Available data –

^^^^^^^^

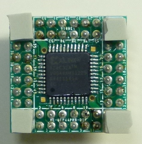 これだけだとユニバーサル基板とかブレッドボードにつけられないので、秋月電子さんで変換基板(0.8mmピッチQFP44ピン)を購入し、これに半田付けしました。
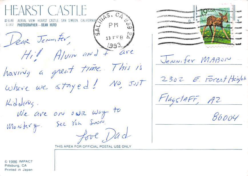 Hearst Castle, San Simeon California Postcard
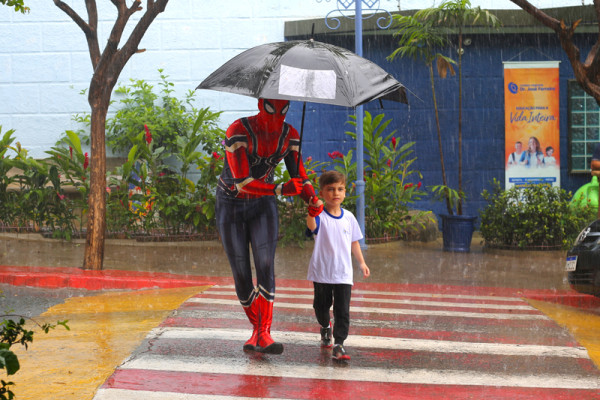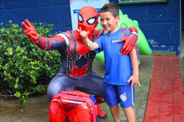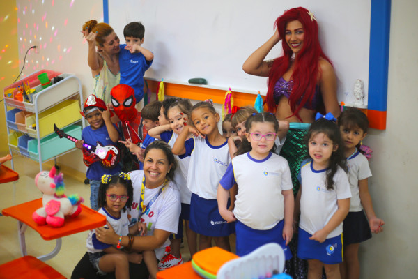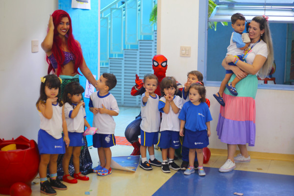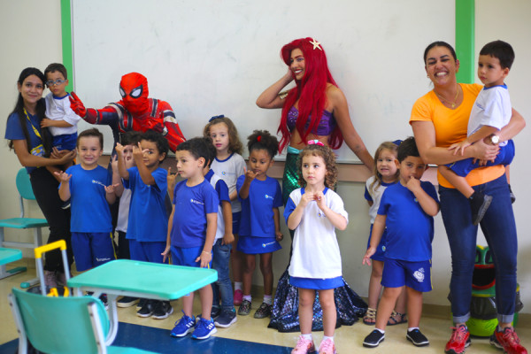 Os pequenos da Educação Infantil e do Ensino Fundamental I foram recepcionados pelas visitas especiais do Homem-Aranha e da Princesa Ariel. Os personagens fizeram olhinhos brilharem de encantamento e distribuíram abraços e palavras de bom retorno.

^^^^^^^^

Exercise directions – Through to the final line, copy the material above exactly and skip the images.

Reply –
 これだけだとユニバーサル基板とかブレッドボードにつけられないので、秋月電子さんで変換基板(0.8mmピッチQFP44ピン)を購入し、これに半田付けしました。
 Hearst Castle, San Simeon California Postcard
 Os pequenos da Educação Infantil e do Ensino Fundamental I foram recepcionados pelas visitas especiais do Homem-Aranha e da Princesa Ariel. Os personagens fizeram olhinhos brilharem de encantamento e distribuíram abraços e palavras de bom retorno.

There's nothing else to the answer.